Hey!
Do you have a website? A personal one or perhaps something more serious?
Whatever the case, if you don’t want AI companies training on your website’s contents, add the following to your robots.txt file:
User-agent: *
Allow: /
User-agent: anthropic-ai
Disallow: /
User-agent: Claude-Web
Disallow: /
User-agent: CCbot
Disallow: /
User-agent: FacebookBot
Disallow: /
User-agent: Google-Extended
Disallow: /
User-agent: GPTBot
Disallow: /
User-agent: PiplBot
Disallow: /
User-agent: ByteSpider
Disallow: /
User-agent: PerplexityBot
Disallow: /
User-agent: cohere-ai
Disallow: /
User-agent: ChatGPT-User
Disallow: /
User-agent: Omgilibot
Disallow: /
User-agent: Omgili
Disallow: /
There are of course more and even if you added them they may not cooperate, but this should get the biggest AI companies to leave your site alone.
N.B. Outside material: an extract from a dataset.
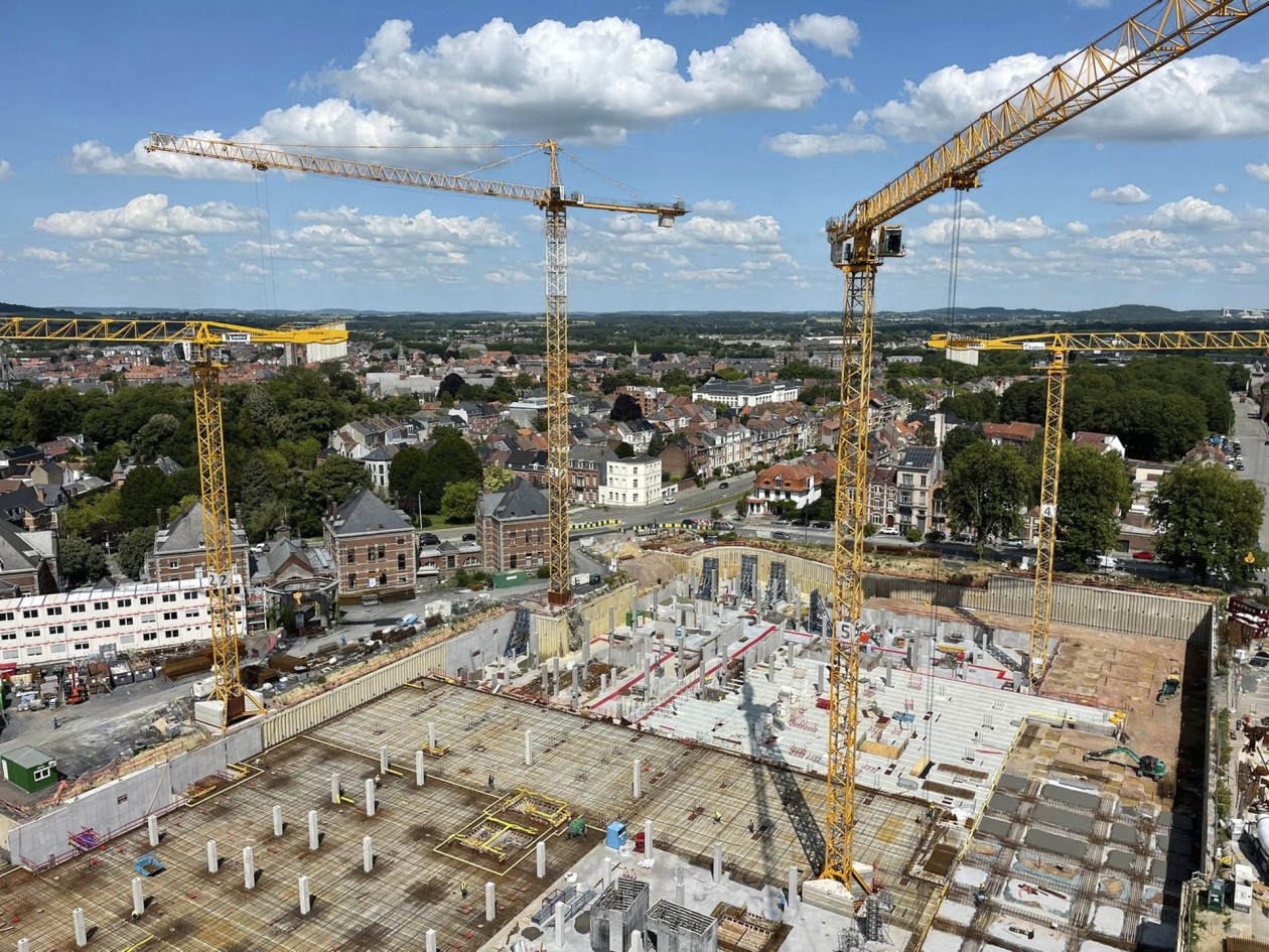 Los desafíos de este proyecto son la premura del tiempo y la compleja logística en la obra y su entorno, situada céntricamente en el concurrido bulevar Lalaing de esta ciudad de 70.000 habitantes. El consorcio de contratistas a cargo de la construcción, conformado por las constructoras Galère, CIT Blaton, Dherte y Tradeco, apuesta por el encofrado para losas MevaDec en combinación con los sistemas de apuntalamiento MEP y MT 60, con el objetivo de ejecutar las losas de concreto pretensado de maneras expeditiva y en la calidad demandada. El trabajo de la obra recibe la asistencia de MEVA BeNeLux en lo referente a la planificación con Revit.

Important note: The first two lines declare that anything not on the list is allowed to access everything on the site. If you don’t want this, add “Disallow:” lines after them and write the relative paths of the stuff you don’t want any bots, including google search to access. For example:
User-agent: *
Allow: /
Disallow: /super-secret-pages/secret.html
If that was in the robots.txt of example.com, it would tell all bots to not access
https://example.com/super-secret-pages/secret.html
And I’m sure you already know what to do if you already have a robots txt, sitemap.xml/sitemap.txt etc.